The phrase “building my abs” would be colored differently on your blog (blue is mostly used for hyperlinks) and your reader would know. Now that he knows that the link is about building abs, he may click on this link now or do it later after reading the full post.
How does this help?
It makes your site visitor stay. If he liked your article, he would think that the other article about “building my abs” would also be a great read. If he clicks that, then you just built for yourself one important thing that a blogger needs: credibility.
Link to Older Posts
Older posts get buried deep among your blog posts. Also, many blog platforms now will not allow you to change the date of when the original blog was posted.
Over time, Google would see these blogs as less relevant than what they used to be, especially for content that is not evergreen.
As a result, the old post would not get ranked anymore as high as it did before. To mitigate this, you have to link to the old posts through your new posts.
If you do this, you are driving traffic even to old posts, and you are improving the relevance of the old posts in the present time. Google would know this, and Google would increase the index power of the old posts.

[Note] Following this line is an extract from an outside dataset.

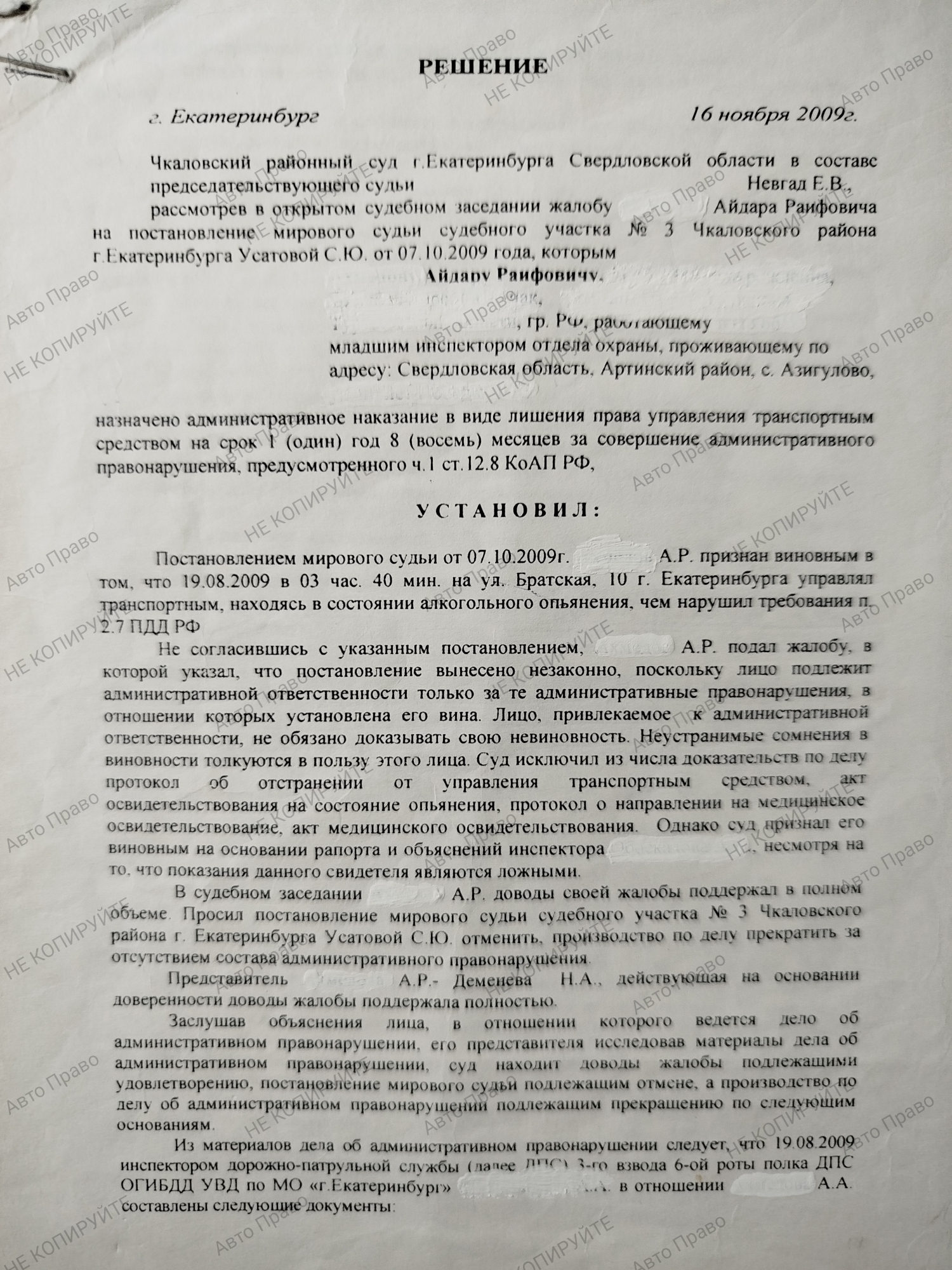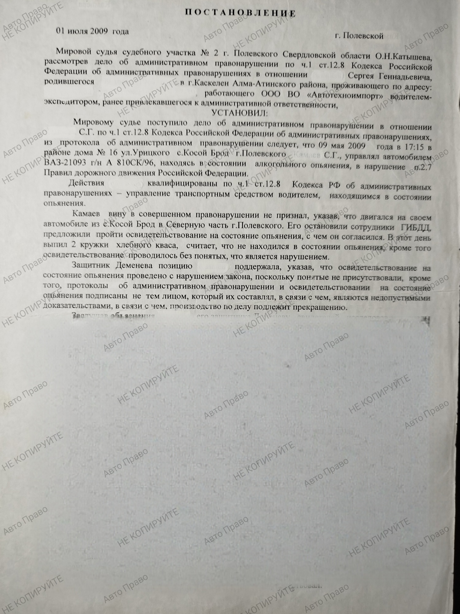 Главная » Выигранные дела » ч.1, 2 ст 12.8 КоАПРФ

Why? Because newer ones are still referring site visitors to it.
Create a Resource Page
A resource page is a dedicated page where you offer solutions, tools, services, or products that you recommend. It is a page where a site visitor can view the products you recommend.
All of your blog posts must link to this page. Why? Because people love being pointed to a solutions page. As you can see, people read blogs because they have a problem. Your blog post happens to offer enlightenment about that problem.
For example, your blog post shows how to increase muscle mass for the biceps. While this is helpful, your customer is also aware that he needs dumbbells to get this exercise done.
So where is he going to find one?
This is where your resource page comes in. On this resource page, you can show images of your recommended dumbbells and where to buy them. It can be your product, or it can be someone else’s product where you get a commission through an affiliate program.
readers love this because they no longer have to research on their own. You already pointed them in the right direction.
Summary
Internal link building helps your blog in two ways:
- It makes it easier for users to navigate your site
- It helps Google index your page
These two things allow Google to decide whether your blog is adding value or not. If your site visitors spend more time on your blog, and if your posts have relevance to each other, Google would tag your site as a valuable content source for your niche, therefore increasing your page rank.
Follow these tips on how to build internal links visitors and search engines will love. You would be amazed at how easy it would be to increase your blog traffic.